Everything you need to know about Microsoft certs

Certification guru Patrick Regan explains the new Microsoft certs and reveals which Cisco, project management and security certs are worthwhile.

Moderator-Julie: Moderator-Julie: Welcome and thank you for coming. Our guest today is certification guru Patrick Regan. Patrick has penned over a dozen books, written the study guides for the A+ certification exams for Cisco Press and is currently writing an Exam Cram on Windows Server 2008. When not writing books, Patrick is a senior network engineer at Pacific Coast Companies supporting a large enterprise network and a celebrity blogger for Microsoft Subnet. We are giving away 15 free copies of Patrick's latest book, too. Go to the contest page for details. Now onto the chat.

Patrick_Regan: Hi all.

Moderator-Keith: PRE-SUBMITTED QUESTION: Hi Patrick, I am completing a Masters of Information Technology Degree in March. However, I have limited work experience in IT. What certifications do you recommend to enhance my chances of employment in this field?

Patrick_Regan: You need to figure out where you want to focus. You need to choose at least one major vendor certification. Then you might consider some other certifications that will supplement that certification. For example, you can go for the MCSE (or MCITP for Windows Server 2008), then include the smaller certs on Exchange, SQL, CRM or SharePoint. You can also follow up with non-Microsoft certifications such as Cisco's CCNA, CompTIA's Security+ or (ICS)2's CISSP. Other certifications to consider would be the Red Hat Certified Engineer (RHCE) and Cisco Certified Network Professional (CCNP). Ones that I am not as familiar with, but that you might want to consider, are the Oracle database certifications and SAP certifications. One last one to mention, which requires a technical background but not necessarily deep technical knowledge, would be the PMI Project Management Professional. It is often difficult for employers to find a good experienced project manager of IT projects.
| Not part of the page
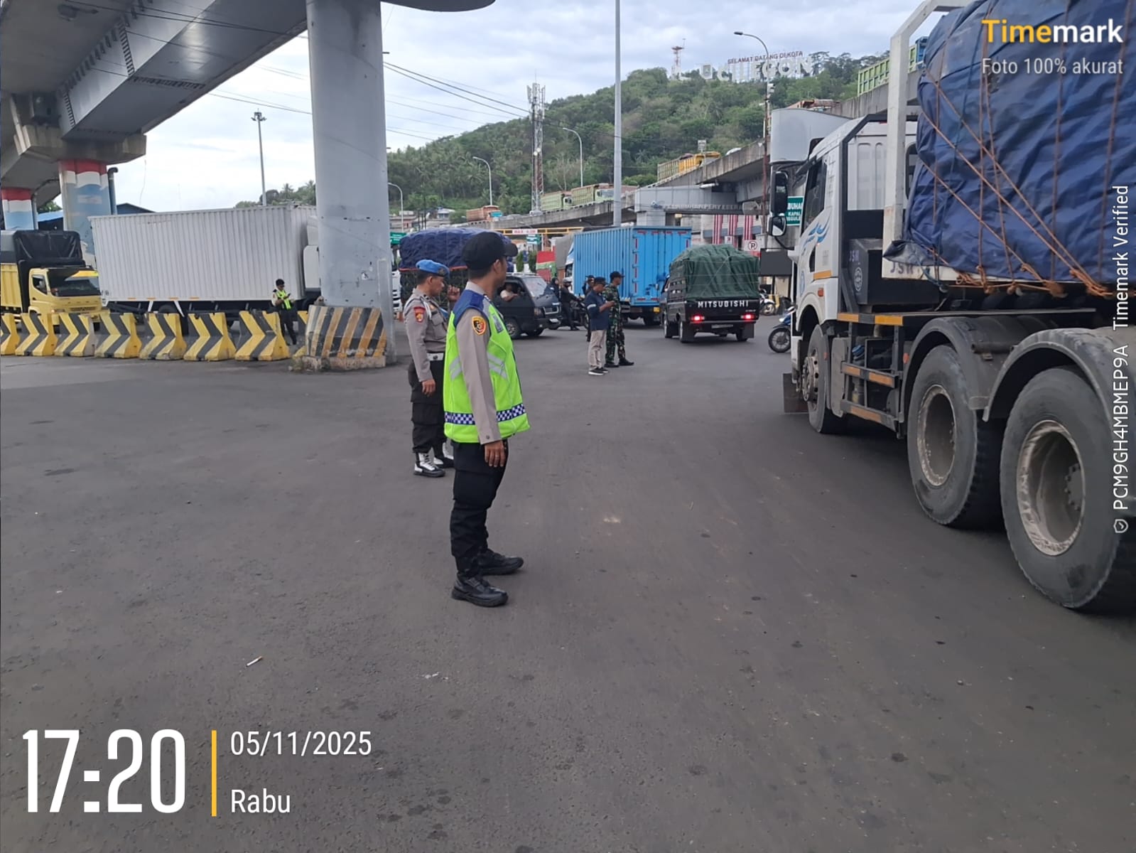 Wujud Pelayanan Prima, KSKP Merak Polres Cilegon Atur Antrian Kendaraan R4 di Pelabuhan

Rocky: Hi, I'm 59 years old with an BS in computing technology. I graduated in June 2007. I have two associate degrees in engineering. I want to get my first job in IT and it has been hard. I am concerned that my age and the fact that I'm entry-level in the field is causing me difficulties getting a job. Any suggestions?

Patrick_Regan: Getting your foot is in the door is one of the hardest things. After you get in, it is much easier. I don't think that a person's age is as big a factor as it used to be. Microsoft MCSE and other certs will help you get interviews and then your knowledge will be what carries you though the interview. Since you don't have much experience, you need to focus on reading blogs and other forums to learn what problems are encountered and how to deal with those problems. You can then razzle-dazzle them with your knowledge and that will go a long way.

DaveM: Is it worth the bother for an enterprise IT person to get certified in Vista? What kinds of things can you learn through that certification program that you can't learn easily any other way?

Patrick_Regan: If you are already certified in Windows XP, you don't necessarily need to get certified in Windows Vista unless you are going for the MCITP Enterprise certification. If you are upgrading from the MCSE to the MCITP, you will not have to take the Windows Vista exam. But nonetheless, you still need to learn Windows Vista. You will find that Windows Vista offers new technology that was not available in Windows XP. For example, IPv6 is going to become much more popular during the next few years, so you are going to have to deal with the new DHCP servers that will be handing out IPv4 and IPv6 addresses. You will also need to understand how the NTFS file structure and permissions differ so that you know what changes need to be done on login scripts and group policies. Since more emphasis is being put on mobile computers, you need to learn the options Windows Vista has for file and data synchronization with mobile computers. Lastly, don't forget that you may need to learn how to deal with User Access Control, those dreaded pop-ups that come up asking if you should do something on Windows Vista.

DaveM: For brand new computer engineering graduates, what kinds of certifications do you recommend?

Patrick_Regan: As a computer engineer, I think of the programming and development. training that Microsoft offers. Multiple certifications are aimed at software development. Much like the network certifications such as the MCSE program, you need to realize that software development changes often. However, if you can stay current or semi-current, you will find that you will be in high-demand. Currently, Microsoft offers two developer certifications. The Microsoft Certified Application Developer (MCAD) credential provides industry recognition for professional developers who build powerful applications using Microsoft Visual Studio .NET and Web services on the Microsoft .NET Framework 1.0 and Microsoft .NET Framework 1.1. Developers who use the Microsoft .NET Framework 2.0 and Microsoft Visual Studio 2005 should consider the new Microsoft Certified Technology Specialist (MCTS) and Microsoft Certified Professional Developer (MCPD) credentials. While some may not consider this as "real programming: of the type that you might find in Delphi, C++ or C##, you will find it more then challenging since you are trying to tie into the Windows operating system with the same look and feel as other Windows applications. You also may be called to interface with a SQL database or interface with other applications.